CreateTexture(deviceCount,image, nVoxelX,nVoxelY, nVoxelZ,d_cuArrTex,texImg);

}

实际功能：

1
2
3
4
5
6
7
8
9
10
11
12
13
14
15
16
17
18
19
20
21
22
23
24
25
26
27
28
29
30
31
32
33
34
35
36
37
38
39
40
41

void CreateTexture(int num_devices, float* imagedata, int nVoxelX, int nVoxelY, int nVoxelZ ,cudaArray** d_cuArrTex, cudaTextureObject_t *texImage)
{
//size_t size_image=nVoxelX*nVoxelY*nVoxelZ;
for (unsigned int i = 0; i < num_devices; i++){
cudaSetDevice(i);

//cudaArray Descriptor
const cudaExtent extent = make_cudaExtent(nVoxelX, nVoxelY, nVoxelZ);
cudaChannelFormatDesc channelDesc = cudaCreateChannelDesc<float>();
//cuda Array
cudaMalloc3DArray(&d_cuArrTex[i], &channelDesc, extent);
//cudaCheckErrors("Texture memory allocation fail");
cudaMemcpy3DParms copyParams = {0};

//Array creation
copyParams.srcPtr = make_cudaPitchedPtr((void *)imagedata, extent.width*sizeof(float), extent.width, extent.height);
copyParams.dstArray = d_cuArrTex[i];
copyParams.extent = extent;
copyParams.kind = cudaMemcpyHostToDevice;
cudaMemcpy3DAsync(&copyParams);
//cudaCheckErrors("Texture memory data copy fail");

//Array creation End
cudaResourceDesc texRes;
memset(&texRes, 0, sizeof(cudaResourceDesc));
texRes.resType = cudaResourceTypeArray;
texRes.res.array.array = d_cuArrTex[i];
cudaTextureDesc texDescr;
memset(&texDescr, 0, sizeof(cudaTextureDesc));
texDescr.normalizedCoords = false;
texDescr.filterMode = cudaFilterModePoint;
texDescr.addressMode[0] = cudaAddressModeBorder;
texDescr.addressMode[1] = cudaAddressModeBorder;
texDescr.addressMode[2] = cudaAddressModeBorder;
texDescr.readMode = cudaReadModeElementType;
cudaCreateTextureObject(&texImage[i], &texRes, &texDescr, NULL);
//cudaCheckErrors("Texture object creation fail");
}
}

相关讨论

异步内存操作仅在非阻塞流中运行时才是异步的。
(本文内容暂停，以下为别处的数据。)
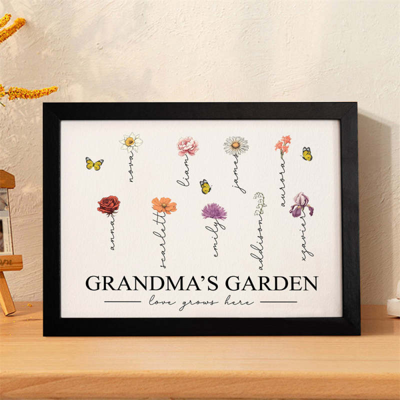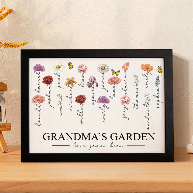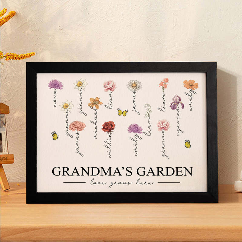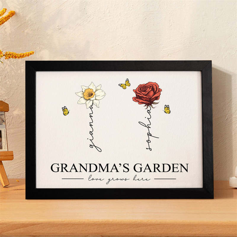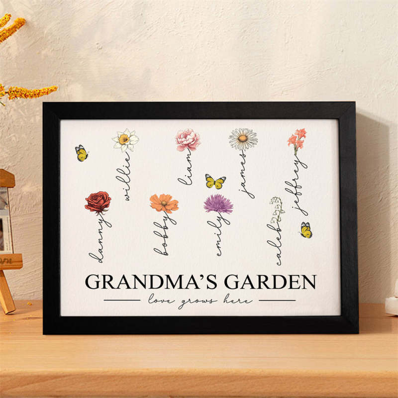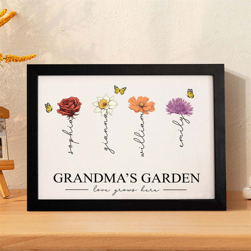 Custom Birth Month Flowers Garden With Grandkids Names Love Grows Here Personalized Wooden Photo Frame Mother's Day Gift
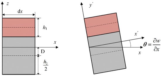 where u1(x, z, t) is the displacement of the coating layer, u2(x, z, t) represents the thickness of the base layer, w is the lateral displacement of the midplane of the beam, z denotes the distance from the plane to the neutral plane, and D is the distance from the neutral plane to the midplane of the base. The corresponding strain relationship can be obtained from the displacement of each layer:

除非您使用启用的每个线程默认流选项进行编译，否则这对我来说似乎是预期的行为。对于在异步API的紧密循环中进行上下文初始化，我也会有点怀疑，这也可能会阻止。
感谢@talonmies的评论。我在编译器选项中没有--default-stream per-thread标志。但是我似乎在那里那里的标志得到相同的结果。这只是一个MCVE，之前有几个对cudaSetDevice的独立循环调用，在这里我检查了设备名称和设备属性，而没有异步调用。我没有将这些添加到MCVE中以最小化代码，但是感谢您指出这一点。
如果您希望传输重叠，则从主机->设备从一个CPU到多个GPU的副本对系统拓扑结构会有一些影响。您确定每个GPU都具有完全独立的PCIE路径(例如，它们没有通过PCIE交换机共享相同的CPU根端口)吗？如果将2个或更多GPU恰好连接到2个独立的CPU插槽，则可能更加复杂。什么是系统拓扑？没有这些信息，期望适当地设计这种情况是不明智的。
如果cudaCreateTextureObject是一个同步调用，我不会感到惊讶。我的方法是尝试使副本循环工作。
@RobertCrovella感谢Robert的评论。是的，我在发布此文件后在循环中尝试了这些副本，结果是相同的(2个deviceCount循环，副本后分开)。我也开始怀疑系统拓扑可能有事要做。我相对确定它们具有独立的PCIe路径，但是现在我将再次检查所有内容。我在专门设计为多GPU群集的PC上运行，所以我希望这不是问题。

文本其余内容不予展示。